Невесело Вашеку. Цирк попал в безвыходное положение, препятствия громоздятся одно на другое, разве их преодолеешь, все время отставая. Зря они тогда отказались от поездки в Швецию, из чрезмерной щепетильности не решившись взять денег в долг. Случай упущен, а в долгах они все равно погрязли. Никогда не следует упускать шанса на успех, корил себя Вашек. Но урок был усвоен поздно. Они потеряли темп и не могли уже не только опережать эпоху, но даже идти с ней в ногу! Оставалось лишь вести повседневную борьбу за существование. Вашек не мог отделаться от тягостного предчувствия: чего доброго, конец наступит прежде, чем последует толчок извне… В цирке было слишком много стариков, которые один за другим практически выбывали из строя.
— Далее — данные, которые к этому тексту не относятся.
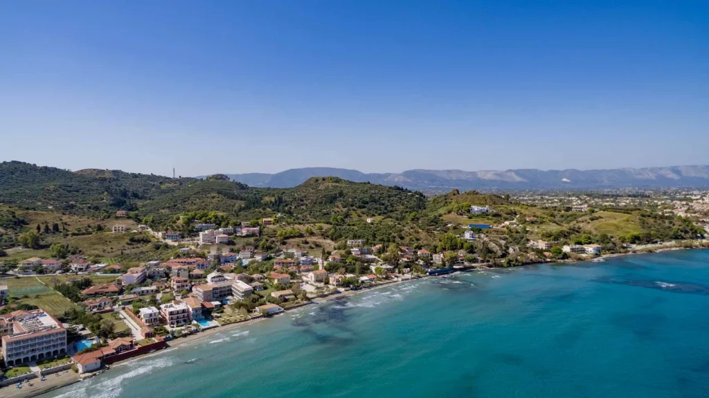 Kalamaki is approximately 4 km from Laganas, which is famous for its vibrant party scene. It’s close enough for visitors to enjoy the nightlife but far enough to keep its quieter, family-friendly atmosphere.
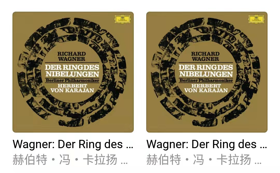 又比如这张合集:Wagner: Der Ring des Nibelungen (卡拉扬指挥),音轨4, 5, 9, 14等也会显示在另一张合集中,两者区别在于艺术家信息不同,一个是“卡拉扬 & 柏林爱乐”,另一个是“赫伯特·冯·卡拉扬 & Berliner Philharmoniker”。

Хиреющий Гамильтон, едва волочивший ноги Ар-Шегир, дезертирующий Гаудеамус, ветшающий Сельницкий. Да, и бравый капельмейстер сдал за последнее время, что сказывалось не только на внешности, но и на деятельности его. Он утратил былую выправку, опустился, усы на одутловатом лице поникли, взгляд помутнел. Пил он, пожалуй, не больше прежнего, но организм хуже справлялся с алкоголем, и временами капельмейстер напивался до бесчувствия. Сельницкий держался лишь благодаря привычке, и Вашеку было ясно, что на него надежда плоха, если придется переводить цирк на новые рельсы. Да и на кого из старых работников мог он рассчитывать? Шапитмейстер Венделин Малина, что называется, дышал на ладан, Керголец растолстел и обленился, а отцу было уже под шестьдесят, и он частенько поговаривал о возвращении в Горную Снежну. В городе их ожидало трухлявое здание и новый, неведомый конкурент. А делами по-прежнему вершил принципал: ему шел уже восьмой десяток, но он ни на йоту не соглашался отступить от раз заведенного порядка, а все неприятности и невзгоды воспринимал как несправедливость судьбы и черную неблагодарность по отношению к нему, Эмиру белых коней и высокому персидскому и турецкому сановнику.
Не оставалось ничего иного, как со всей осторожностью сообщить ему неприятную новость об уходе господина Гаудеамуса.
— Барон уходит… Гаудеамус уходит… — задумчиво повторял Бервиц.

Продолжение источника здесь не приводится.